**Records:**
------------------------------------------------------------------------
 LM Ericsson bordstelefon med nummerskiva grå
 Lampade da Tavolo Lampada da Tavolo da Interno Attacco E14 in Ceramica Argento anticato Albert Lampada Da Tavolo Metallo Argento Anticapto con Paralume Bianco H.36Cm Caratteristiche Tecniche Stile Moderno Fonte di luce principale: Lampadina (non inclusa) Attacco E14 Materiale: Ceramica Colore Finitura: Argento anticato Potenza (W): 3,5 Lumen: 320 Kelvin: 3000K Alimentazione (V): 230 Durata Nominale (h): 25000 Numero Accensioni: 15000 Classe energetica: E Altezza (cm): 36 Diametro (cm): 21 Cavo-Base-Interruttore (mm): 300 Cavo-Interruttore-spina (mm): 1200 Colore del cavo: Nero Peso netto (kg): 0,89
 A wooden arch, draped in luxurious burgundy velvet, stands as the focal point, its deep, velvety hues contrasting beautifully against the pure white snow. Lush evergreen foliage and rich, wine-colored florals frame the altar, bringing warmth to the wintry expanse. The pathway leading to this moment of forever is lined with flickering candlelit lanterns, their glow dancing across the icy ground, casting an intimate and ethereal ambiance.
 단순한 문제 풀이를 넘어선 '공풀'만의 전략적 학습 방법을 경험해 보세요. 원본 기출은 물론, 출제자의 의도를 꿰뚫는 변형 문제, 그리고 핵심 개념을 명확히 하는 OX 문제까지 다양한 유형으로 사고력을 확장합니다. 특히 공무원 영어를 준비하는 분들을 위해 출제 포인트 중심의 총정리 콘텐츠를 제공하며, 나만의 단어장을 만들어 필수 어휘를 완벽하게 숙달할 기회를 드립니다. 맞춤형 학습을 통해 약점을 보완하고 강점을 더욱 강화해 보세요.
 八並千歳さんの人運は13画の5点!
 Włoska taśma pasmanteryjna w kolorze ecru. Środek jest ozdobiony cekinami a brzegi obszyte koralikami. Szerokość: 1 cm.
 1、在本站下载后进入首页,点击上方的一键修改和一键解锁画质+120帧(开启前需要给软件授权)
------------------------------------------------------------------------
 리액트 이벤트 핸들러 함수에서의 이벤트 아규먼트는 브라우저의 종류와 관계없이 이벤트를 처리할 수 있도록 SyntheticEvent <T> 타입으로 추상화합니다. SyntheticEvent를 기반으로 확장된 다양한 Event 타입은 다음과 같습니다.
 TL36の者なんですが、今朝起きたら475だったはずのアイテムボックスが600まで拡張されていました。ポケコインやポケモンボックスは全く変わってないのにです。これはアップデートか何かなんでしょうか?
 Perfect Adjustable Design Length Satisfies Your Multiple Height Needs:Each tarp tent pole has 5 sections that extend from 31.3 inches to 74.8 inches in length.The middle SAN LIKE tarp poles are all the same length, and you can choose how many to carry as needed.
------------------------------------------------------------------------
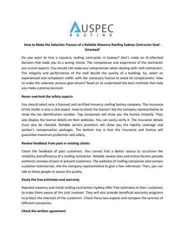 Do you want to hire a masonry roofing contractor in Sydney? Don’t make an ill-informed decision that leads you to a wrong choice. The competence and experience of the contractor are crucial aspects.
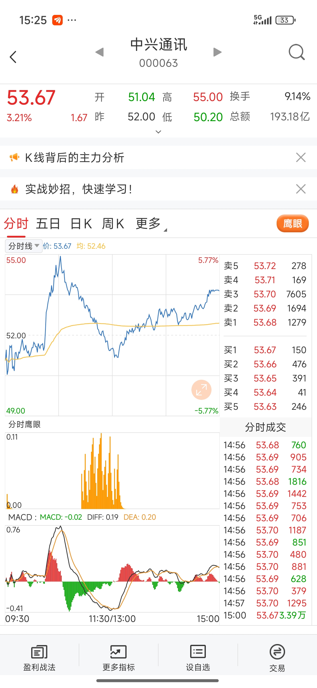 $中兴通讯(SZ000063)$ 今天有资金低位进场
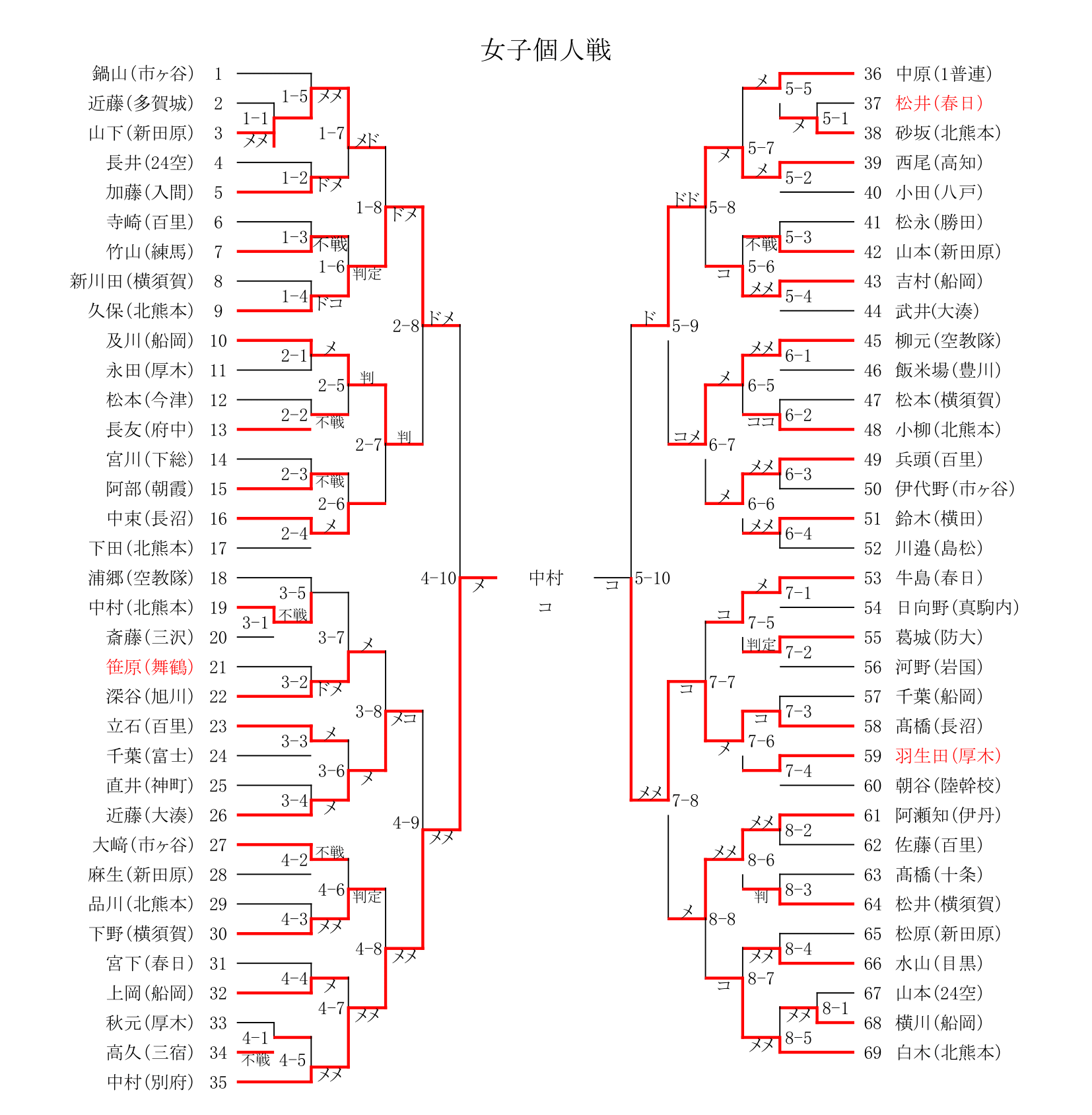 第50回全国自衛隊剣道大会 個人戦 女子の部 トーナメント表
------------------------------------------------------------------------
**Work to be completed:**
Looking at the data above, return every line from the one with "TL36の者なんですが、今朝" down to the one with "Perfect Adjustable Design", exactly and inclusively.

**Solution for this problem:**
 TL36の者なんですが、今朝起きたら475だったはずのアイテムボックスが600まで拡張されていました。ポケコインやポケモンボックスは全く変わってないのにです。これはアップデートか何かなんでしょうか?
 Perfect Adjustable Design Length Satisfies Your Multiple Height Needs:Each tarp tent pole has 5 sections that extend from 31.3 inches to 74.8 inches in length.The middle SAN LIKE tarp poles are all the same length, and you can choose how many to carry as needed.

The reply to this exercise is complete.